Map variance and local resolution determination, such as bootstrap-based variance maps (Penczek et al., 2006) and local Fourier Shell Correlation (FSC) measurements (Ménétret et al., 2007), can provide additional measures to help interpret structures. For maps with resolution better than 20 Å by the 0.5 FSC criterion, RMEASURE (Sousa and Grigorieff, 2007) can be used to estimate resolution and signal-to-noise directly from the map based on correlation of neighboring Fourier Transform terms. Possible bias from a starting model or overfitting of noise should also be estimated and statistics provided where possible.

Recommendation

Experimentalists should be encouraged to assess their own maps according to the criteria listed above and report the methods that they used when depositing the maps. To help the community as a whole, EMDataBank should develop a table of existing map validation techniques with a description of what experimental data are required for each technique, the circumstances under which the technique can be used, the software package(s) (with links) that implement the technique, and what aspect of the reconstruction the technique validates. This table can be updated as new methods are developed. Any published method should be considered as a candidate for inclusion in the list, as the list would not mandate any tests to be performed, but simply present possible tools available for authors to validate their own data. As methods are tested on a variety of data sets, the field will begin to establish which techniques are reliable for each specific task. Additionally, EMDataBank should gather and provide raw benchmark data that would enable the community to test the methods.
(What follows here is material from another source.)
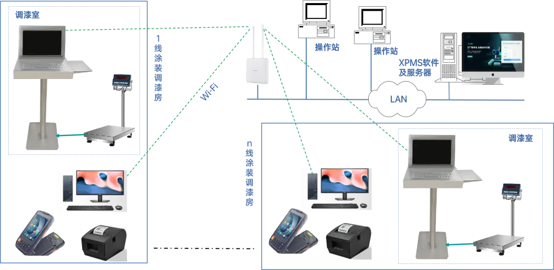 调漆终端是调漆操作的人机界面,安装在调漆房,由电脑、电子秤、扫描枪等防爆硬件组成,设备采用电池供电,通过Wi-Fi连接平台服务器。

Map Resolution Should Be Reported, and Visible Structural Features Should Be in Accordance with the Claimed Resolution

The single-particle map resolution is typically evaluated according to the FSC of two maps constructed from independent data sets (Penczek, 2010b). However, the threshold value for the map resolution has not been uniformly reported (Rosenthal and Henderson, 2003). Because of various experimental and computational factors that lead to damping of the Fourier amplitudes of the images, the final density map needs to be scaled to retrieve the detailed features (Böttcher et al., 1997). One method is to apply a Gaussian function equivalent to a temperature factor in X-ray crystallography (Fernández et al., 2008; Rosenthal and Henderson, 2003); another method is to apply a one-dimensional structure factor obtained from the X-ray scattering or a model (Baker et al., 2010; Gabashvili et al., 2000; Penczek, 2010a). At resolution better than 4.5 Å, the helical pitch and β strand separation should be visible in addition to some bulky side-chains. At subnanometer resolution, secondary structure features, such as long α helices and large β sheets, should begin to emerge. Several existing tools allow quantitative assessment of secondary structure (Baker et al., 2007; Kong et al., 2004). If the level of secondary structure visible in the map does not agree with the cited resolution and the sequence-based structure prediction, the resolution estimate may not be accurate. At lower resolution (10–20 Å), the situation is more complex and requires more care. In some favorable situations, domain or molecular boundaries may be delineated. At still lower resolution (>20 Å), a simple point-spread function plot may be adequate, along with a statement of the RMS noise level, estimated from presumed featureless regions (Fan and Ellisman, 2000).

Recommendation

Deposition of a published map should include its full FSC curve to the Nyquist frequency on a linear spatial-frequency scale (Frank, 2006, see pages 250 and 251). If the final experimental volume was masked in any way, FSC curves should be provided for both the masked and unmasked versions. If the half-datasets compared in FSC were separated at the outset of analysis, this should be stated; otherwise, it will be assumed that a less independent comparison in which the whole data set was aligned against a common model was performed. Intermediate levels of independence between the gold standard of carrying out two completely independent analyses and common 3D model throughout should also be described. Reconstruction software packages should include the option to produce an unmasked map after the last cycle of refinement.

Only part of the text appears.